A Nação Portuguesa, e os nossos Maiores, olharam sempre com horror estes sacrilégios, e deram nestes casos as maiores e mais públicas demonstrações de sentimento; distinguindo-se entre todos os nossos Augustos e Fidelíssimos Monarcas, cuja piedade e respeito para com a nossa Santa Religião formou sempre o seu distinto carácter, e de toda a Real Família Portuguesa; dando não só públicas demonstrações do seu sentimento nos actos religiosos que praticaram, mas manifestaram no maior zelo no descobrimento, e castigo dos delinquentes.
Assim mesmo estes atentados contra o Augusto Mistério da Eucaristia eram tão raros nos antigos tempos, que se passavam séculos, sem que acontecesse um só; pois desde a origem de Portugal até ao Reinado da Senhora D. Maria I contam-se os sete mais notáveis.
1º
Em Santarém viviam uns casados pelos anos de 1266, e pela má vida que o marido dava à mulher, se queixou esta a uma sua amiga de Nação Hebreia, a qual lhe levasse a Partícula Consagrada, porque com ela lhe faria um especial remédio, com o qual obrigaria o marido a querer-lhe bem: assim o fez a pobre mulher, escondendo a Sagrada Partícula numa toalha na ocasião, em que fingiu que comungava; mas milagrosamente, quando caminhava pela rua, lhe viram correr sangue do seio, onde levava o Sacrossanto Depósito; e assustada com a novidade, em que todos reparavam, voltou para casa, e meteu o Corpo de Cristo numa arca.
Na noite seguinte viu-se a casa toda iluminada, respirando suaves aromas, e suando Angélico Cânticos.

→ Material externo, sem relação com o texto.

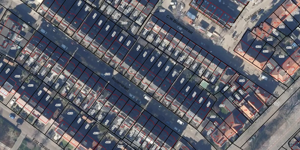 Het perceel waarop Rozenstraat 16 staat heeft een oppervlakte van 166 m². Dit is een middelgroot perceel. De perceeloppervlakte wordt geregistreerd door het Kadaster. Gedetailleerde informatie over de maten van dit perceel kunt u vinden in het rapport Kadastrale kaart met maatvoering van Rozenstraat 16.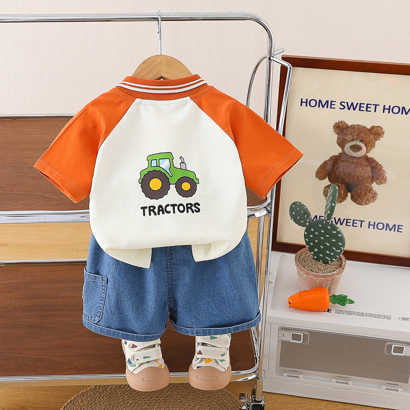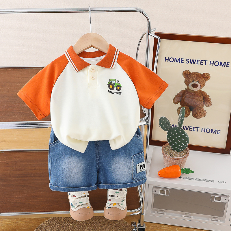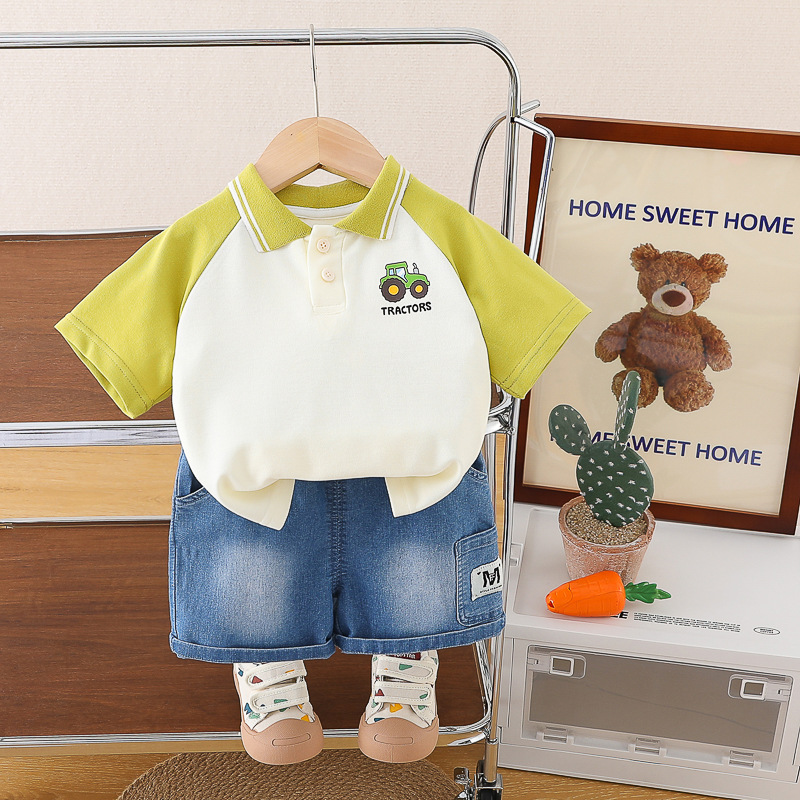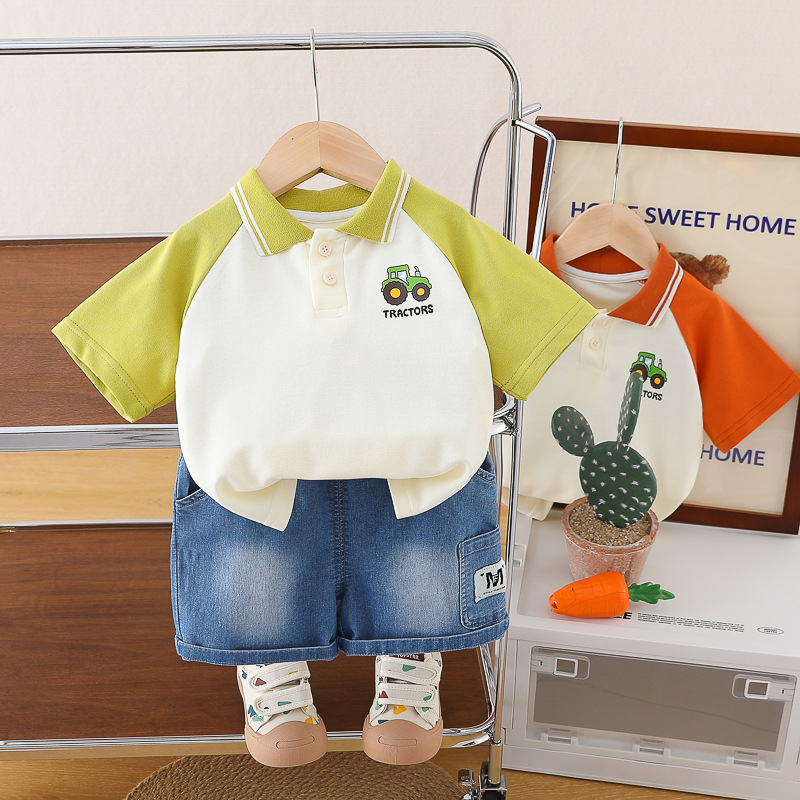 소년 2025 새로운 랩 칼라 짧은 소매 세트 아기 여름 새로운 패션 아기 옷 어린이 잘 생긴 어린이 의류스토어 가기

Divulgou-se o caso, e então a Santa Partícula foi levada para a Paróquia de Santo Estêvão, onde depois se achou metida numa Âmbula de cristal por mão Superior.
Até hoje se conserva incorrupta, obrando prodígios tão frequentes e públicos, que a devoção dos fiéis lhe chama por toda a parte o Santo Milagre.
2º
(Refere este caso Jorge Cardoso no Agiológio Lusitano Tom. 3º) Aconteceu no ano de 1362 na Cidade de Coimbra, no Reinado do Senhor D. Pedro I, suposto o Autor citado o atribua ao Senhor D. João I, o que se deve reputar erro de imprensa, por que ElRei D. Pedro I reinou até ao princípio do ano de 1367, seguindo-se o Senhor D. Fernando, e depois o Senhor D. João I (Mestre de Avis), que foi aclamado Rei nas Côrtes de Coimbra em 1385.
O Vaso Sagrado foi roubado do Sacrário da Catedral da dita Cidade, com cinco Formas Consagradas, por um mancebo induzido, e comprado por um Judeu. Descobriu-se o delinquente, e foi punido com a morte. [o punido com morte foi o cristão, e não o judeu]
Fez-se por este motivo uma solene Procissão, em que o Bispo levou para a Sé as Sagradas Formas, tiradas do lugar onde tinham sido enterradas pelo Judeus. Uma Portuguesa rica, chamada Ana Afonso, fundou ali uma Capela, com uma Irmandade, e Hospital; e, para ficar em memória, lhe deu a invocação do Corpo de Deus (Ficava esta Capela nas costas do Mosteiro de Santa Cruz).
3º
Aconteceu em Lisboa a 11 de Dezembro de 1552. Estando um Sacerdote a celebrar Missa, na Real Capela, na presença DelRei D. João III, entrou um Inglês herege, e tanto que o Sacerdote Consagrou a Hóstia, se arremessou ao Altar, e a tirou das mãos do Sacerdote, vertendo o Vinho do Cálice, que ainda estava por consagrar.
Apenas isto se observou, desembainharam os Fidalgos, e Criados do paço as espadas para matarem ao herege; mas ElRei os suspendeu, ordenando que unicamente lhe tirassem das mãos sacrílegas o Santíssimo Sacramento. Foi o réu preso, e castigado como merecia tão horrendo atentado. A Côrte, e o Reino se cobriram de luto, fizeram-se penitências, e muitas demonstrações públicas de sentimento: ElRei mandou fechar todas as janelas do Paço, e todos os Tribunais da Côrte, e até à sua morte sempre ficou conservando o luto.